The genealogy of feminist art practices filters into her work through laborious processes of kneading clay, the pulping process of paper-mache, or making colours with herbs. Her other materials range from Frankincense, myrrh, cinnamon, clove, lemongrass, cedar wood, bark powder, coal, re-used Burma teak, plaster, mineral, tree resin, cedar wood essential oils, gourds, nests and leather, to name a few. Such a processual practice draws critical attention to ‘thinking through making’ and the material agency of each medium allow for an intersectional ethics of the human and the environment centred in feminist principles. Guatarri’s idea of the ‘ethico-aesthetic’ [6] comes into play here, connected through the embodiment of form and the cultural lives of material that is generative and restorative. Perciyal refrains from placing her aesthetics onto any kind of schema, with gendered values unobtrusively running as a sub-text in her work (if not in image), a counter-point to our larger cultural condition of capitalist consumerism. She forages in flea markets or old antique shops to find discarded and abandoned objects that become part of her personal archive, adopting them into her life and incorporating them in her work.
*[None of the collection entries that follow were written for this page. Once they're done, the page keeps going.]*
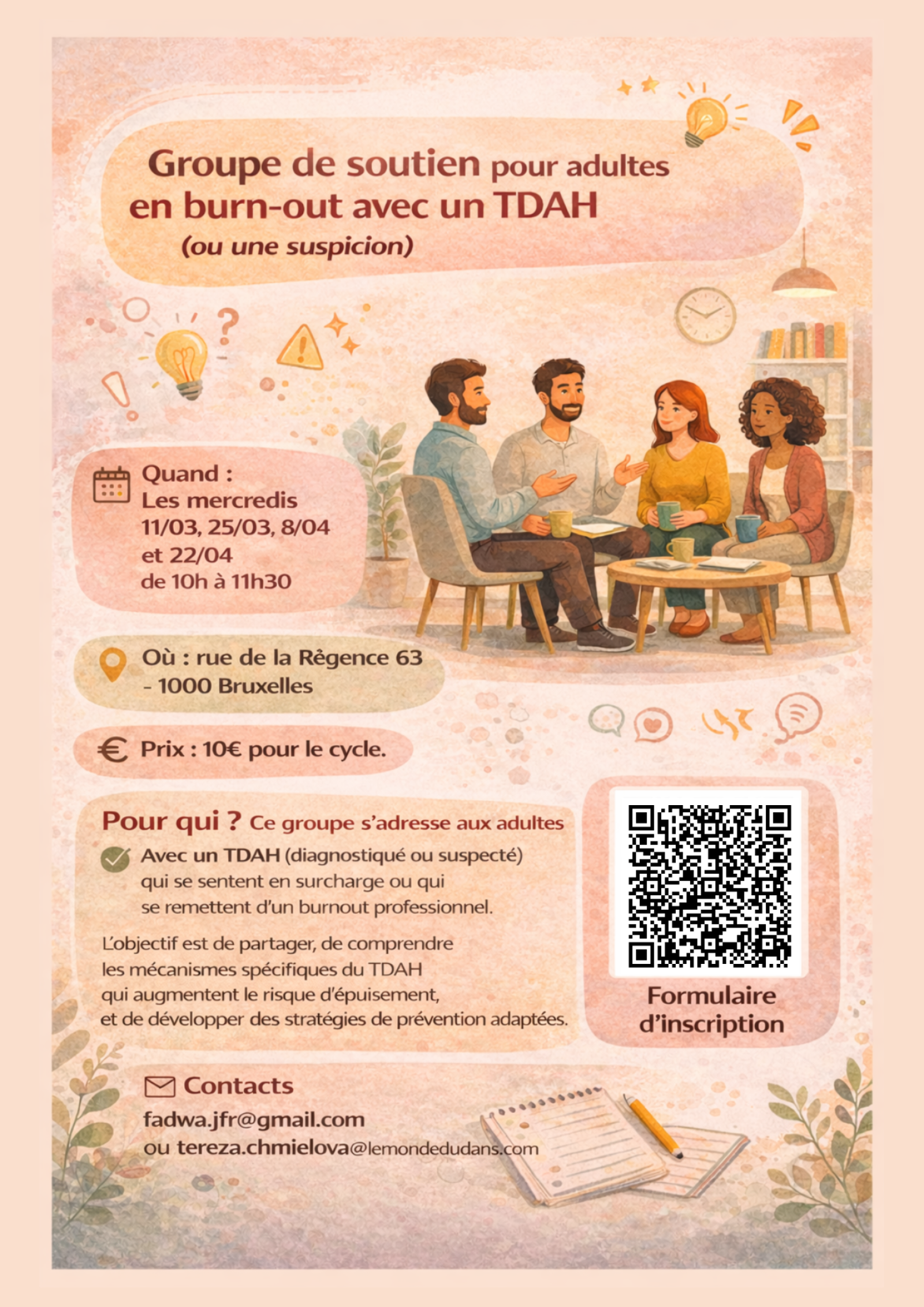 Ce groupe s’adresse aux adultes avec un TDAH (diagnostiqué ou suspecté) qui se sentent en surcharge ou qui se remettent d’un burnout professionnel.
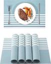 Elegant & Modern Design: Add a stylish touch to your dining table with KitchEase's woven PVC vinyl placemats featuring a sleek sky blue & white pattern. Perfect for both home and restaurant settings., Heat Resistant & Durable: Designed to withstand daily use, these placemats offer heat resistance up to 176°F (80°C), protecting your table from hot plates and spills., Easy to Clean & Stain Resistant: These placemats are fully washable and stain resistant, allowing for easy cleanup. Simply wipe them with a damp cloth or rinse under water., Waterproof & Long-Lasting: Made from high-quality PVC vinyl, these placemats are waterproof and built to last. They resist daily wear and tear while maintaining their appearance., Versatile & Gift-Ready: Perfect for casual family meals or elegant dinner parties, these placemats are also great for gifting on housewarmings, weddings, or special occasions.
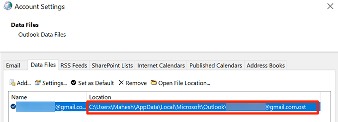 - The following screen will have a file entry with a checkmark icon next to it. Note the location of this Outlook data file.
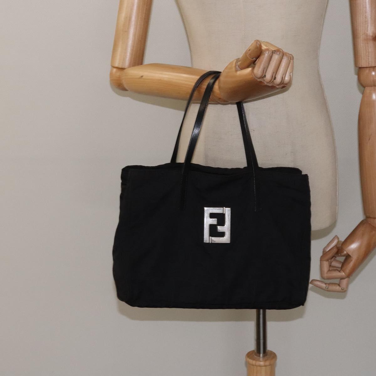 FENDI Zucca Canvas Hand Bag Black Auth bs26161
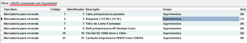 Serão apresentados na listagem somente os produtos do grupo “Suprimentos”.
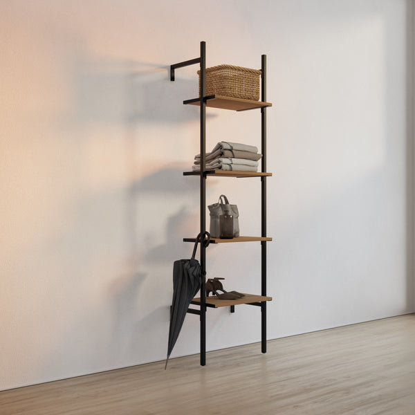 Notre étagère Frame John est équipée d’une tablette en placage chêne, disponible en version fumée ou classique. Vous choisissez la combinaison de couleurs qui correspond le mieux à votre intérieur. Avec une profondeur de 30 cm, cette étagère offre amplement d’espace pour vos vêtements, baskets ou même vos casseroles. La largeur est également personnalisable afin que vous puissiez optimiser au mieux votre espace.
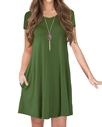 Jouica Womens Casual Short Sleeve Pleated Swing Loose V-Neck Dress Lightweight, soft and stretchy Unique style,make you beautiful,fashionable,sexy and elegant.
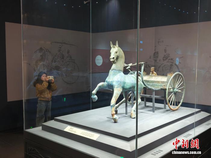 2月6日,游客在資陽(yáng)市博物館打卡被譽(yù)為“中國(guó)漢代第一車”的資陽(yáng)銅車馬。陳選斌 攝
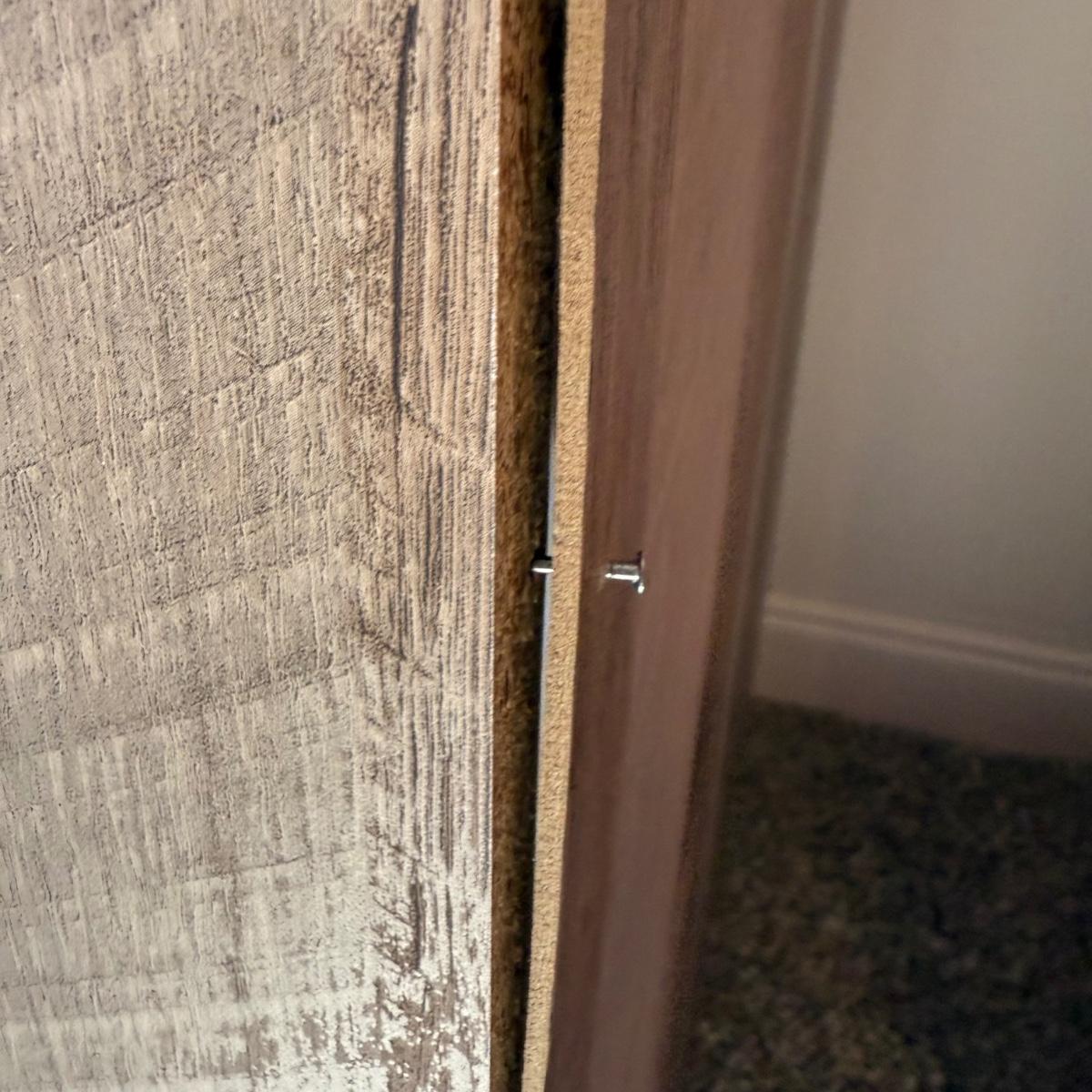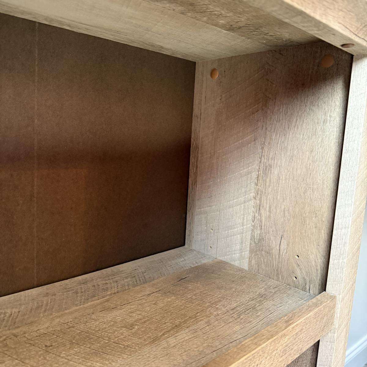 This three-shelf bookcase measures 35.25” x 13.5” x 44”H. It appears to be made of manufactured wood with a tan/gray natural wood finish. Shelves are adjustable. One nail is popping out on the back but looks like it can be hammered right back in.

A practicing Christian, Perciyal has been particularly engaged with the history and vernacularisation of Christianity in India through architectural forms, traditional arts, mythology and symbolisms. [7] In 2015-2016, she received the Anmol Vadehra Art Grant initiated by the Foundation for Contemporary Indian Art (FICA) which enabled her to conduct research on the sculptural traditions in Tamil Naidu, including lime stucco (suthai) and wood. [8] She worked with woodcarvers in Thanjavur, Papanasam, Cuddalore and Nagercoil, and also travelled to the Kalvaryan Hills to collect guggul (a gum resin) [9] an ancient herb in Ayurveda and ritualistic contexts, to add to her repertoire of incense mixing. Her exploration of smell is also related to ritualistic sacred practices, and reinstating found objects means to spiritually restore faith in life, through the transience of smell. For her, incense as material brings together real fragments of objects and memories, and bookends personal time and personal space [10] She terms her work as her diary, and if the elements permit, diaries exist for centuries [11] – old, worn and open to new interpretations. Perciyal combines all her organic materials in moulds, and casts her figurative sculptures often without armature – the combination of various incenses and resin support upright vertical sculptures, [12] such as her piece The Fires of Faith at the Kochi Muziris Biennale (2014).